Damned If I Can Get It To Crawl
« on: December 14, 2008, 07:40:43 AM »
I have a site with around 20 directories - each hold many many sub-directories and between them all - around 75,000 actual php pages.

I installed it just fine and set it up to run but it won't crawl. My sitemap winds up being just my index.php page (which is actually just a blank page used for the script to create a user friendly page).

This is what I wind up with

Request date: 13 December 2008, 21:46
Processing time: 2.28s
Pages indexed: 1
Sitemap files: 1
Pages size: 0.00Mb

I don't receive any error messages

Re: Damned If I Can Get It To Crawl
« Reply #1 on: December 14, 2008, 03:19:55 PM »
Hello,

are your pages crawlable, i.e. you can reach any page by clicking links, starting from your homepage?
You can use our SE bot simulator to check that: https://www.xml-sitemaps.com/se-bot-simulator.html
Re: Damned If I Can Get It To Crawl
« Reply #2 on: December 14, 2008, 09:41:46 PM »
Hmm.... Well, that brings up some issues for me.

If I have to tell it where to go, it's not really crawling my website and looking for the pages on the server. This is more of a link indexer. I've found plenty of free (and actual) sitemap crawlers where I give it a starting directory and it finds all the pages on the server in any and all subdirectories,  but they don't create the xml files that I need - which is the sole reason I purchased the script.

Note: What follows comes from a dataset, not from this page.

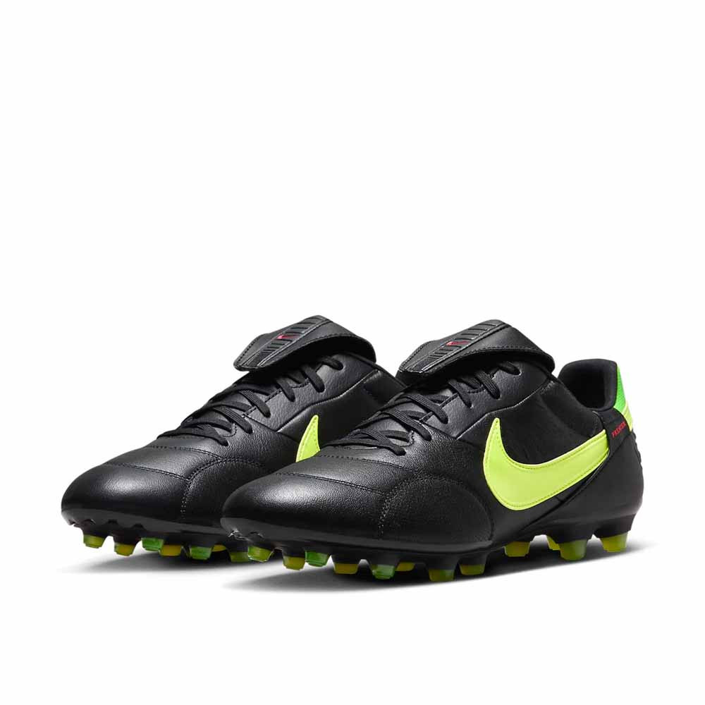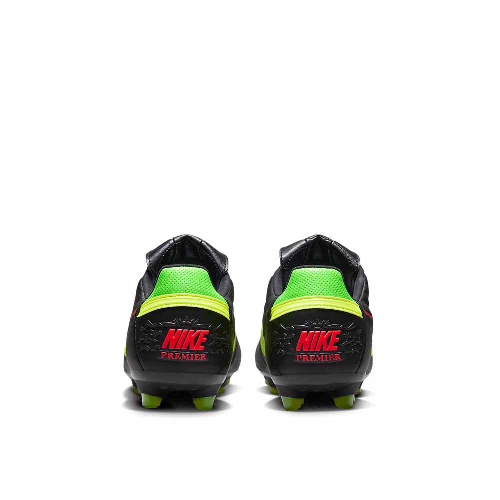 A Black Volt kiadás a minimalista fekete alapra épül, amelyet élénk neonzöld részletek törnek meg. Ez a kontraszt egyszerre visszafogott és energikus, jól illik a Premier sorozat klasszikus karakteréhez. A lehajtható nyelv a régi Nike futballcipők hangulatát idézi, miközben modern anyagokkal párosul. A dizájn minden korosztály számára könnyen viselhető, és jól mutat a pályán a letisztult formák miatt.

Going past that issue, I used one of those sitemappers and saved the file as a php page to use as a starting address and uploaded that file to the server. Then, I used your SE bot simulator and gave it the file and yes, it found the page and files, but only a fraction of them. I'm assuming that you have a limit set on the free tool - but at this point, I'm unsure if you do or if it just doesn't find them all.

Going past that issue, I then used my purchased copy to try and "crawl" my site using the file I created (as mentioned above). The script just hangs up at this point:

Please wait. Sitemap generation in progress...

It never actually creates any pages or sitemaps.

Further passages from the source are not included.